*** RECORDS PROVIDED Section Begins ***

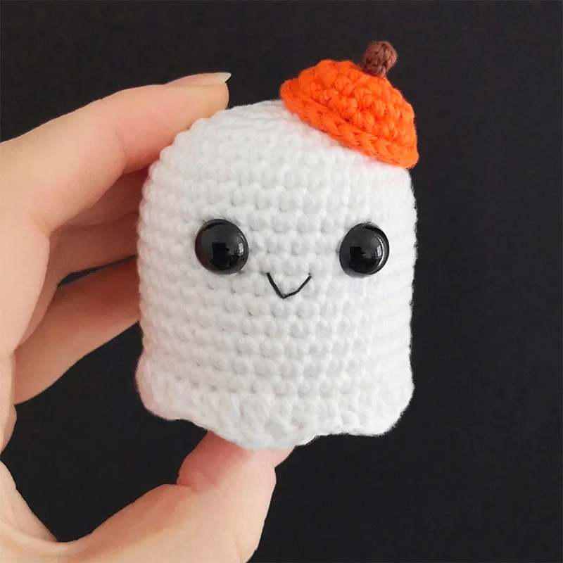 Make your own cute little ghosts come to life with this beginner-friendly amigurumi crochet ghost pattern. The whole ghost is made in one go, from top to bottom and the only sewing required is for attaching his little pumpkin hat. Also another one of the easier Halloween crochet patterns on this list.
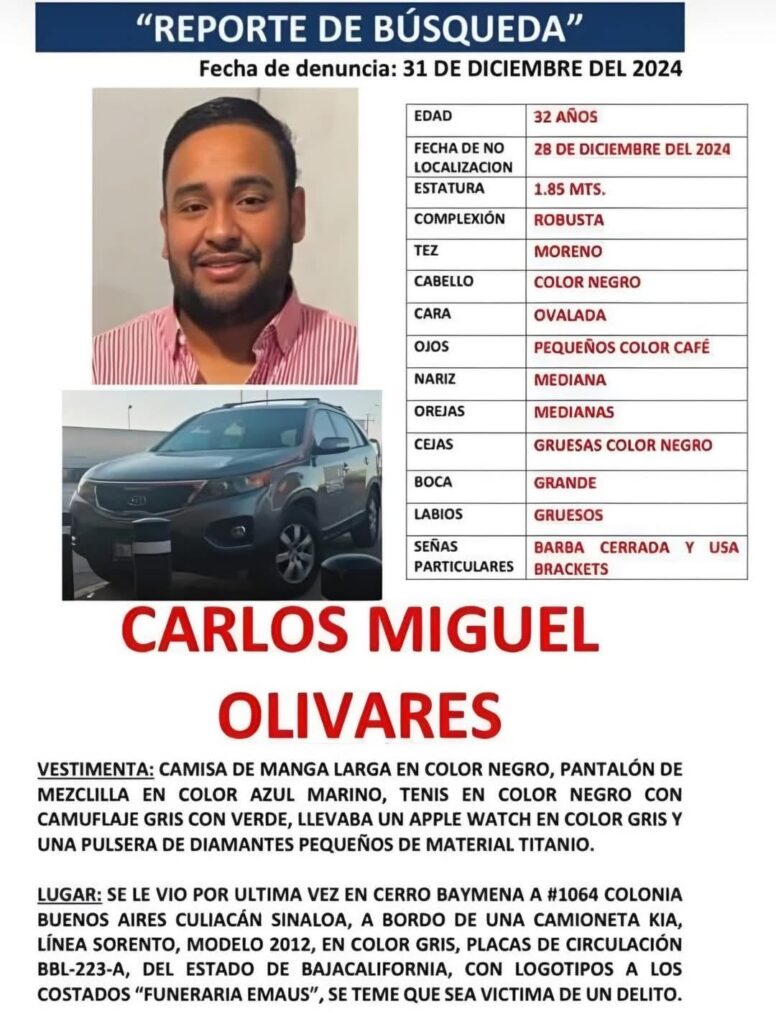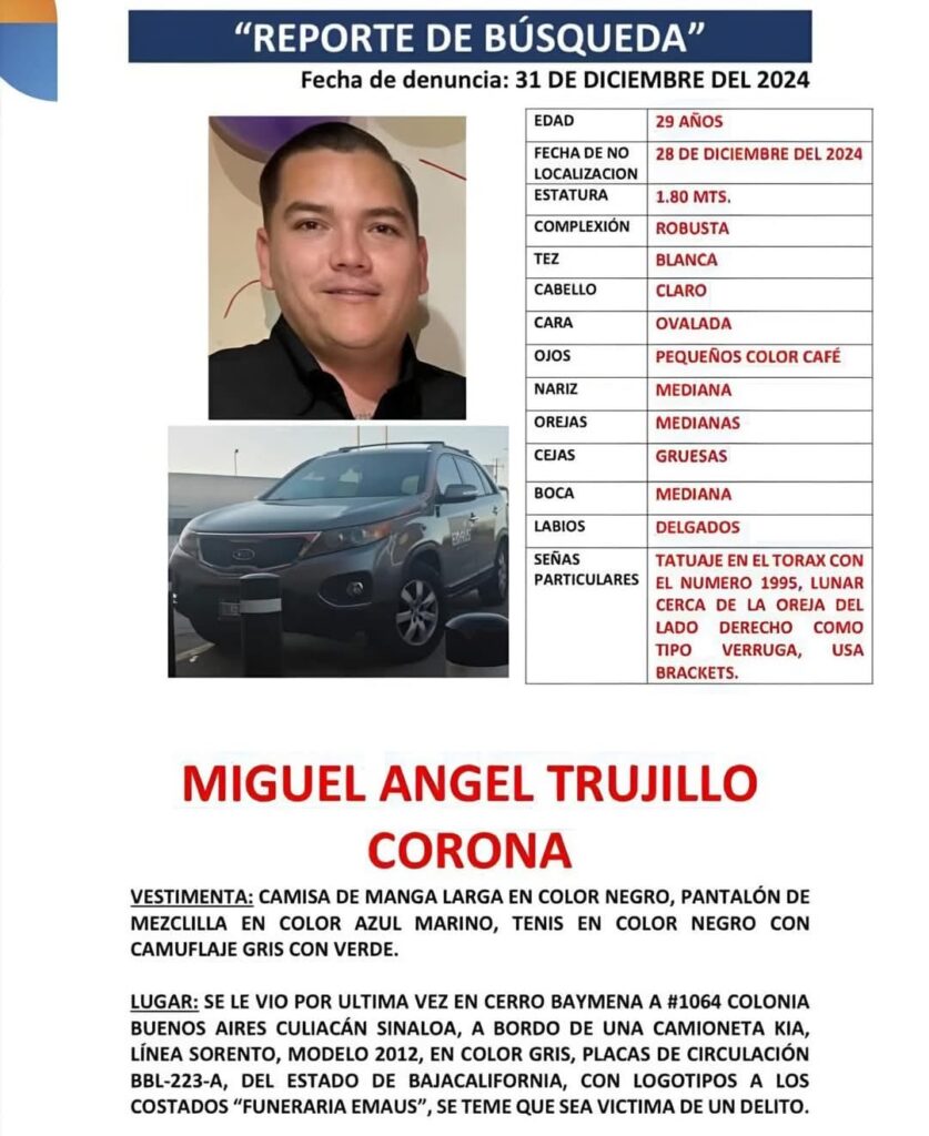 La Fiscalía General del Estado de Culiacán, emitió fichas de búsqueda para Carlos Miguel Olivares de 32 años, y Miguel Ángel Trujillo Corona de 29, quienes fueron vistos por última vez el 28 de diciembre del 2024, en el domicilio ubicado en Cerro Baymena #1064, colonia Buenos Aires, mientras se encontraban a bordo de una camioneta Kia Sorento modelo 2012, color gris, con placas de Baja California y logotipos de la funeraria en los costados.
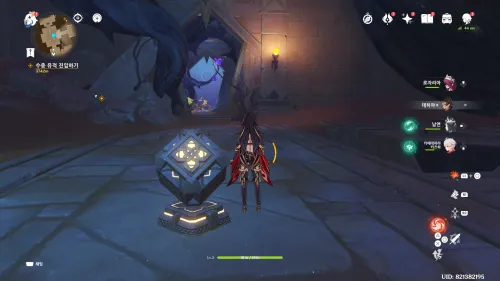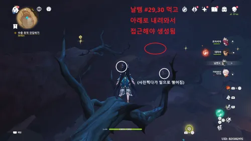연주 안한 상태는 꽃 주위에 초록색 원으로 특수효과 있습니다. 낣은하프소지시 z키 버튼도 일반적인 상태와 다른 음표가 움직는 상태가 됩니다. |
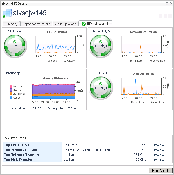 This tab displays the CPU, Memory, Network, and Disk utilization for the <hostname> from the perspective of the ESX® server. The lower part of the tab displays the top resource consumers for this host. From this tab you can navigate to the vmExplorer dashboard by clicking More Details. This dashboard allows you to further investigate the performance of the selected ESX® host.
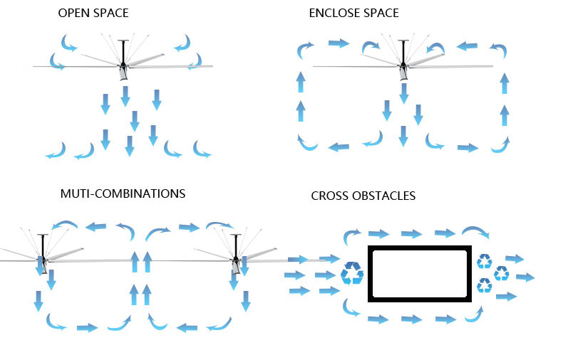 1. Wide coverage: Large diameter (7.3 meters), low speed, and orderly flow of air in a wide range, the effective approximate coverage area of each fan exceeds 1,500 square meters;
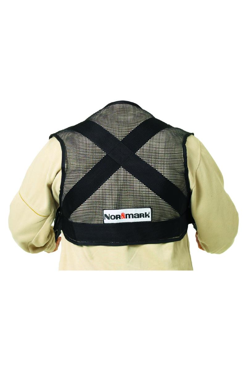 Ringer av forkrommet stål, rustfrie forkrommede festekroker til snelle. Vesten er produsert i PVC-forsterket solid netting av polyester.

*** RECORDS PROVIDED Section Ends ***

[EXERCISE]: Working from the line that contains "This tab displays" to the last line of the listing, please quote each line exactly, pictures excluded.

[YOUR RESPONSE]:
 This tab displays the CPU, Memory, Network, and Disk utilization for the <hostname> from the perspective of the ESX® server. The lower part of the tab displays the top resource consumers for this host. From this tab you can navigate to the vmExplorer dashboard by clicking More Details. This dashboard allows you to further investigate the performance of the selected ESX® host.
 1. Wide coverage: Large diameter (7.3 meters), low speed, and orderly flow of air in a wide range, the effective approximate coverage area of each fan exceeds 1,500 square meters;
 Ringer av forkrommet stål, rustfrie forkrommede festekroker til snelle. Vesten er produsert i PVC-forsterket solid netting av polyester.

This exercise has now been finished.